Gale's condition of mind was not to be envied during the interval before he started. He scarcely felt the injustice to Nikumi in thus leaving her, but he could not quite reconcile with even his weak sense of her rights that he should take the child away from her, and yet he fully intended to do so. He spent much of the time with Nikumi at her summer residence, the tipi, and she treated him with the same gentle deference and quiet submissiveness that were usual to her, so completely deceiving him that he did not once surmise she knew anything of his plans.
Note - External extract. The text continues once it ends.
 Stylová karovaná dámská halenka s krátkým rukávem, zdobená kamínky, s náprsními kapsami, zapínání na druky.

The last two or three days he occupied himself in packing a case of articles of various kinds that he had accumulated: an Indian pipe of the famous red pipestone of the Sioux country, with its long flat stem of wood cut out in various designs and decorated with feathers and bits of metal; moccasins of deer skin, handsomely beaded and trimmed with fringes, some of them made by Nikumi's own hands; specimens of the strange Mexican cloths woven from the plumage of birds, brought by the trading Mexicans up the Santa Fe trail; a pair of their beautiful blankets, one robe, a few very fine furs, among them a black bear skin of immense size, a little mat woven of the perfumed grasses, which the Indians could find but the white man never, some of the nose and ear rings worn by the squaws.
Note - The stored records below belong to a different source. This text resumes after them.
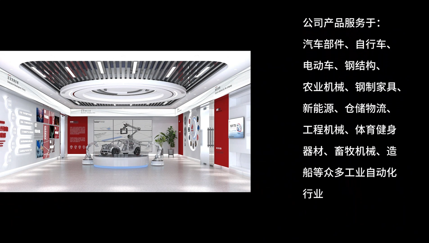 公司在自动化及工业机器人领域掌握核心技术以及丰富的项目集成经验,拥有发明专利等相关知识产权五十余项。公司专业研发、生产、销售工业机器人及配套系统,机器人产品包含焊接、切割、冲压、搬运、码垛、打磨、喷涂、装配等各类应用领域;同时为客户提供稳定、可靠及高性价比的技术方案设计、周边设备配套、机器人应用技术培训、零部件销售及售后服务等整体解决方案。 公司是国家高新技术企业,与国内多家自动化研究所合作,致力于为制造型企业提高生产效率,降低综合成本,努力实现‘无人’工厂,为用户和行业创造价值。 公司产品服务于汽车零部件、自行车、电动车、钢结构、农业机械、钢制家具、新能源、仓储物流、工程机械、体育健身器材、畜牧机械、造船等众多工业自动化应用行业。
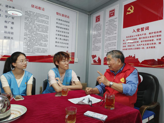 活动伊始,志愿者采访了扎根基层的红旗驿站党支老干部梁长洪。他于1963年入伍,1965年入党,曾在部队服役16年,2005年从东昌府区信访局退休,现任东昌府区柳园街道物资局居民网格党支部书记、红旗驿站站长,先后荣获第八届山东省道德模范提名奖、聊城市助人为乐道德模范、东昌府区优秀“五老”志愿者、“信义之星·桑榆”等称号。丰厚的人生阅历正是他坚定不移跟党走最好的见证。在采访过程中,志愿者与梁长洪书记面对面交流,他不仅讲述了早年艰苦朴素的军旅生活,还分享了他对雷锋精神与红色文化的理解与感悟,并号召当代青年大学生积极响应党的号召,认真提升个人本领,争取早日成为国家需要的人才。梁长洪书记强调,红色文化需要代代相传,青年要将个人的理想融入民族与国家的事业,投入到基层中去。活动结束,志愿者纷纷表达感悟,此次采访活动完满结束。
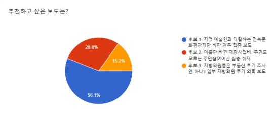 전북민언련은 3개의 이달의 좋은 기사 후보 중 전북도민일보 김미진 취재기자의 '지역 예술인과 대립하는 전북문화관광재단 비판 여론 집중 보도'가 56.1%로 2021년 3월의 좋은 기사로 선정됐다고 13일 밝혔다.
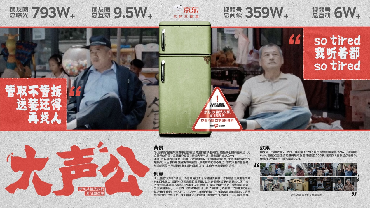 线上通过“大喇叭”喊话,10倍高价回收旧冰箱旧洗衣机,线下结合用户生活中既有的回收站点、居民小区公告栏位等场景,以创意视频+线下有话题的社区广告,透传“京东冰箱洗衣机815周年庆以旧换新,立享国补8折”信息。
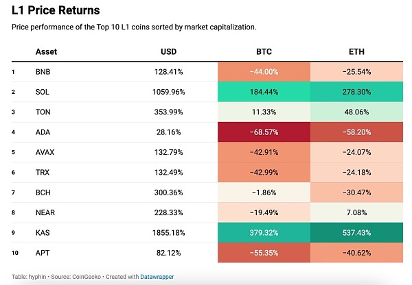 L1代币因其稳健的价格走势和市场主导地位备受关注。尽管一些项目的回报率较高,但大部分L1代币未能超越比特币和以太坊。L2代币则因其可扩展性和低交易费用而成为链上生态的重要组成部分,但回报率平平。

Nikumi came to his quarters while he was taking these things down from the walls and shelves where she had always cared for them with so much pride. In answer to her inquiring gaze he said: "I go Nikumi, to the far eastern land, and these I shall take with me to show my friends what we had that is beautiful in the land of the Indian and the buffalo, that they wish to know all about." "And when will you return to Nikumi and Mary?" "I can not tell; I hope before many moons; will you grieve to have me go Nikumi?" "Nikumi will look every day to the rising sun and ask the Great Spirit to send her pale-faced medicine man back safely to her and the child." He put his arms about her with a strange spasm of heart relenting, realizing for a moment the wrong he was purposing to commit. But ah, the stronger taking advantage of the weaker. The strong race using for their own pleasure the weak one. "Ye that are strong ought to help the weak." He also prepared at Sarpy's trading post, and by his advice, a smaller package of such things as would be desirable for little Mary's welfare and comfort.

It was greatly lacking in the articles we should consider necessary these times, but when we realize that every piece of merchandise which reached this far away post had to be transported thousands of miles by river it is matter of wonder how much there was.